Selection Diversity Validation - Research Notes

Experiment Overview

ItemDetails
Date2026-01-01
GoalEnsure selection constraints (max_correlation, min_crypto_positions) are ENFORCED, not silently ignored
Environmentalpaca_trading/selection/universe.py, tests/test_selection_diversity.py
StatusSuccess

Context

User reported MSFT and GOOGL both appearing in portfolio despite max_correlation=0.60 setting. Additionally, crypto was not being selected despite min_crypto_positions=1.

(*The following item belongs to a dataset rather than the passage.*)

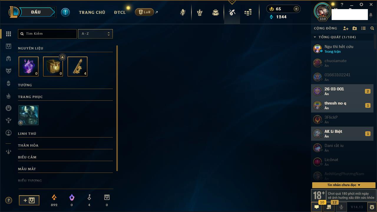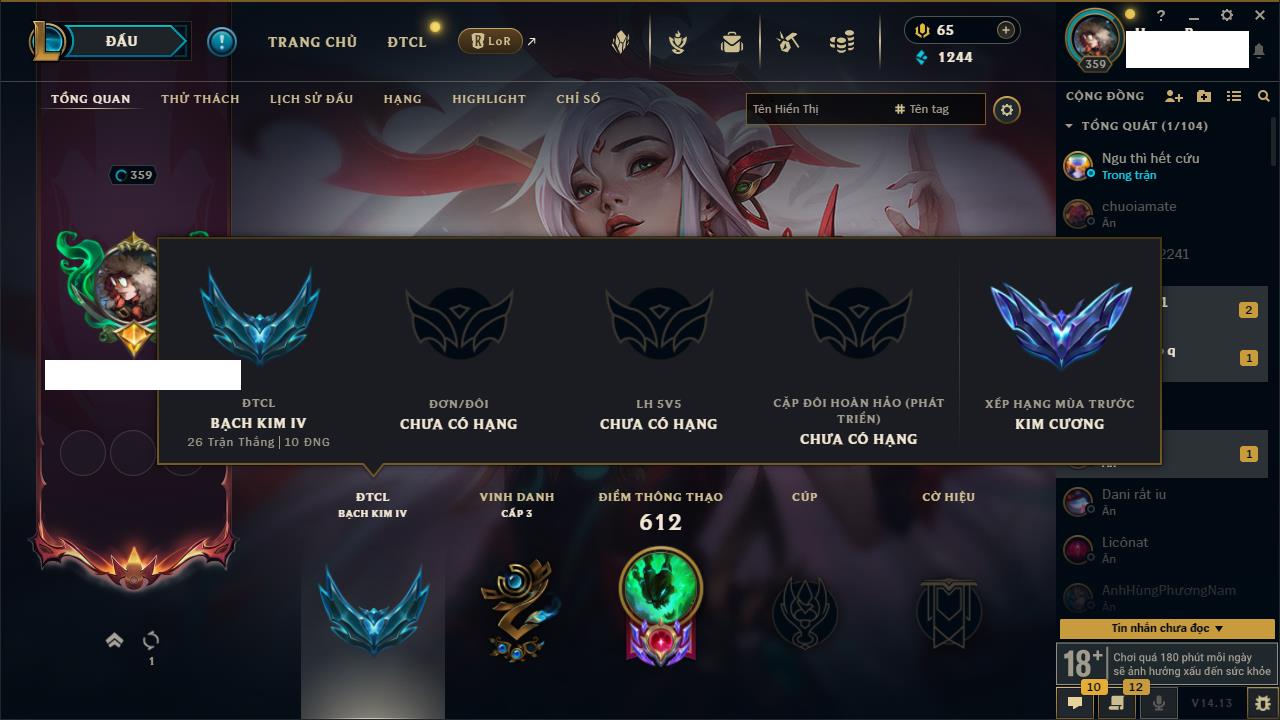 Rank Đơn: Lục Bảo IVKhung: VàngTướng: 171 - Còn 154648 THXTrang Phục: 203Rank ĐTCL: Bạch Kim IVLinh Thú: 69
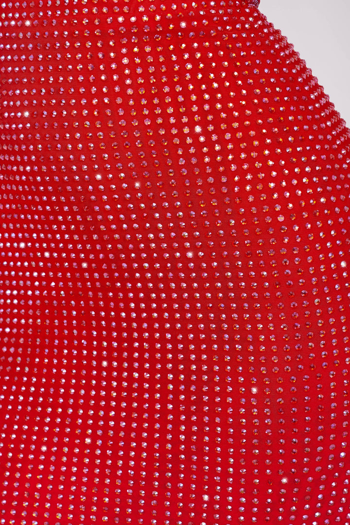 Ateş Kırmızısı İşlemeli Korse Balık Kuyruğu Abiye Elbise

Root Cause: Selection had two silent failure modes:

  1. Notebook re-sorted by trainability AFTER diversity optimization, defeating correlation filtering
  2. min_crypto_positions searched only top-ranked symbols instead of all symbols passing hard filters

The fundamental problem: constraints were checked but not enforced - failures were silent.

The Pattern: FAIL LOUDLY

Key Principle

If a constraint is supposed to be enforced, it MUST raise an error when violated. Silent failures lead to production bugs that waste time and money.

Implementation

python
def validate_selection_constraints(
    symbols: List[str],
    config: SelectionConfig,
    result: 'UniverseSelectionResult',
) -> None:
    """
    Validate that selection result meets ALL constraints.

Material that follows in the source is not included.